- Artist: Cindy Sherman
- Year: 1981
- Type: Photograph
- Medium: Chromogenic color print
- Dimensions: 61 cm × 120 cm (24 in × 48 in)

= Untitled 93 =

1981 photograph by Cindy Sherman

Untitled #93 is a color photograph created by Cindy Sherman in 1981. It is part of her Centerfolds series of 12 photographs made for the Artforum magazine. They were never published there but went to be exhibited publicly the same year, to critical acclaim.

==Description==
The picture depicts a young blonde woman lying in her bed, in underwear, with a tired and sweaty expression, while pulling her black sheets to her chest. She appears distraught as the sunlight fills the entire scene. The picture created debate, since some hinted that the photograph implied a situation of sexual abuse. Sherman denied that interpretation.
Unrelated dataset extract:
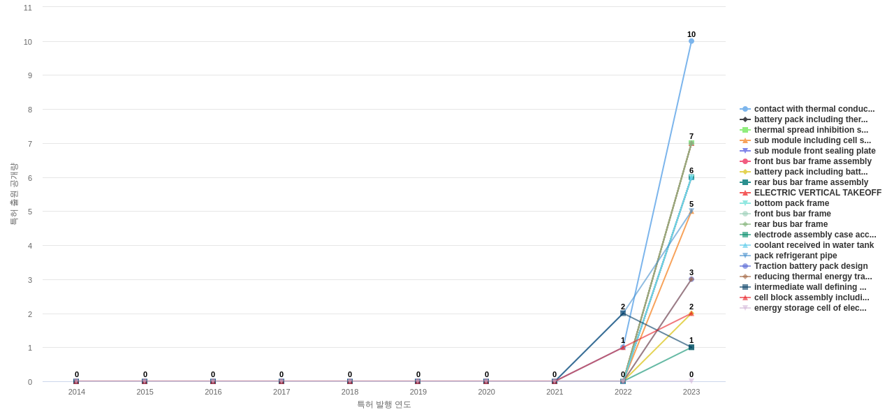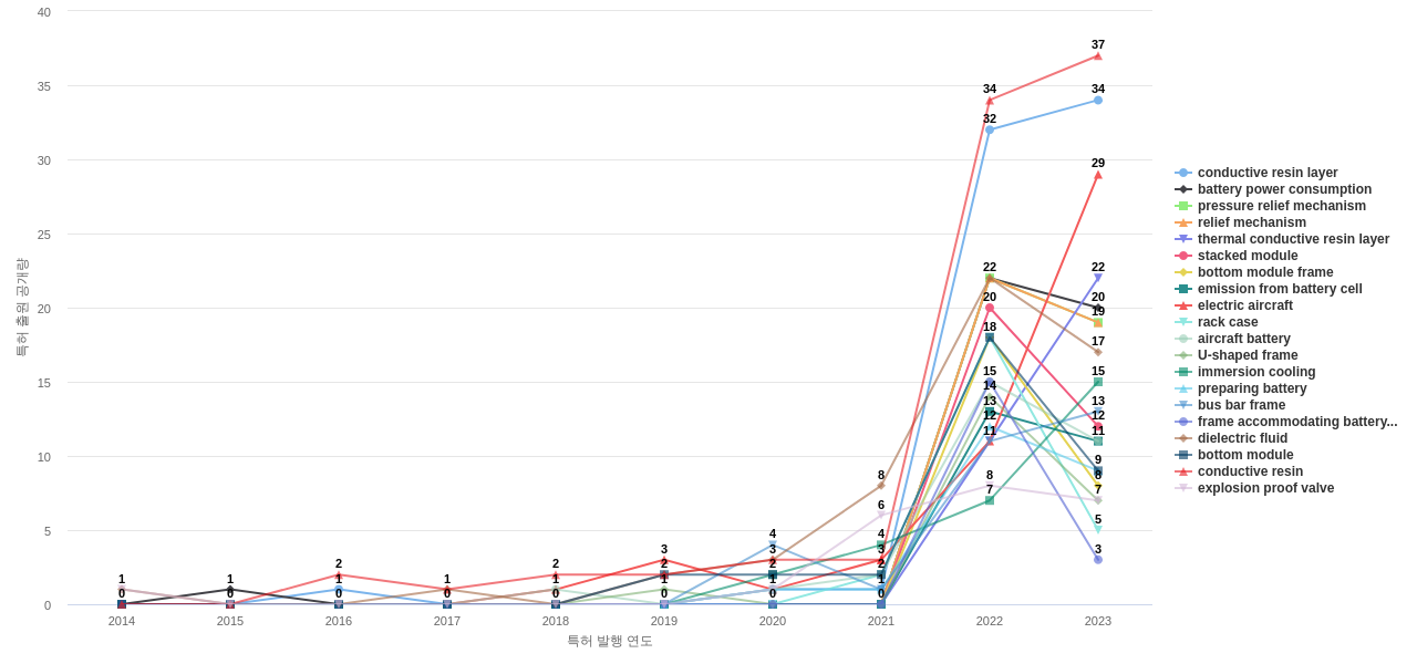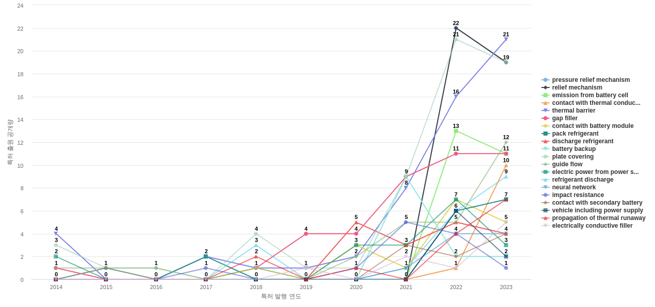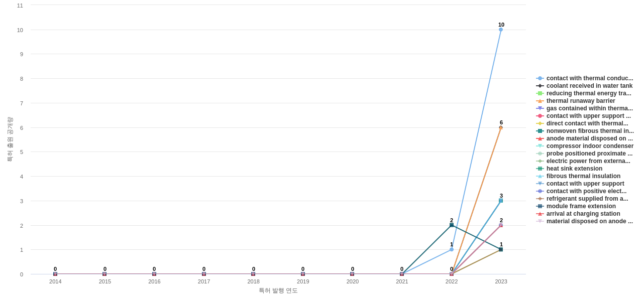 3) [제품 기획 조직]/[마케팅 조직] 고객사, 주요 기업, 경쟁사, 밸류 체인이나 공급망 구성 기업의 배터리 온도 제어 분야의 최신 특허를 분석하여, 타겟 기업의 근 미래 제품/서비스에 반영될 포함된 부품, 소재-물질, 기능-작용, 컨셉 표현 키워드를 early stage에서 i) 센싱하고, ii) 조직적으로 전파하고, iii) 전략적인 대응을 수행해야 하지 않을까요?
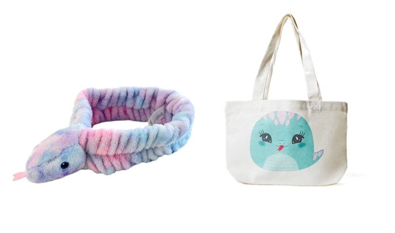 プレゼント内容:蛇窪神社監修・フライングタイガーのへびグッズ6種の入った『開運セット』を合計5名様にプレゼント!(トートバッグ / マグ / ぬいぐるみ / ボールペン / ブローチ / ノート)

She stated that "To me, the whole inspiration for the picture was somebody who'd been up all night drinking and partying and had just gone to sleep five minutes before the sun rose and woke her up. So it bothered me at first when people criticized the picture, seeing the side that I hadn't intended... I was definitely trying to provoke in those pictures."

==Art market==
A print of the photograph was sold by $3,861,000 at Sotheby's New York, on 14 May 2014, the second most expensive by the artist. Another print was sold by $3,150,000 at Christie's New York, on 9 November 2021.

==Collections==
There are prints of this photograph, among full series of the Centerfolds, at the Museum of Modern Art, New York, and the Metropolitan Museum of Art, New York. There are also prints at The Art Institute of Chicago, the Museum Boijmans Van Beuningen, in Rotterdam, the Astrup Fearnley Museet, in Oslo, and the National Gallery of Australia, in Canberra.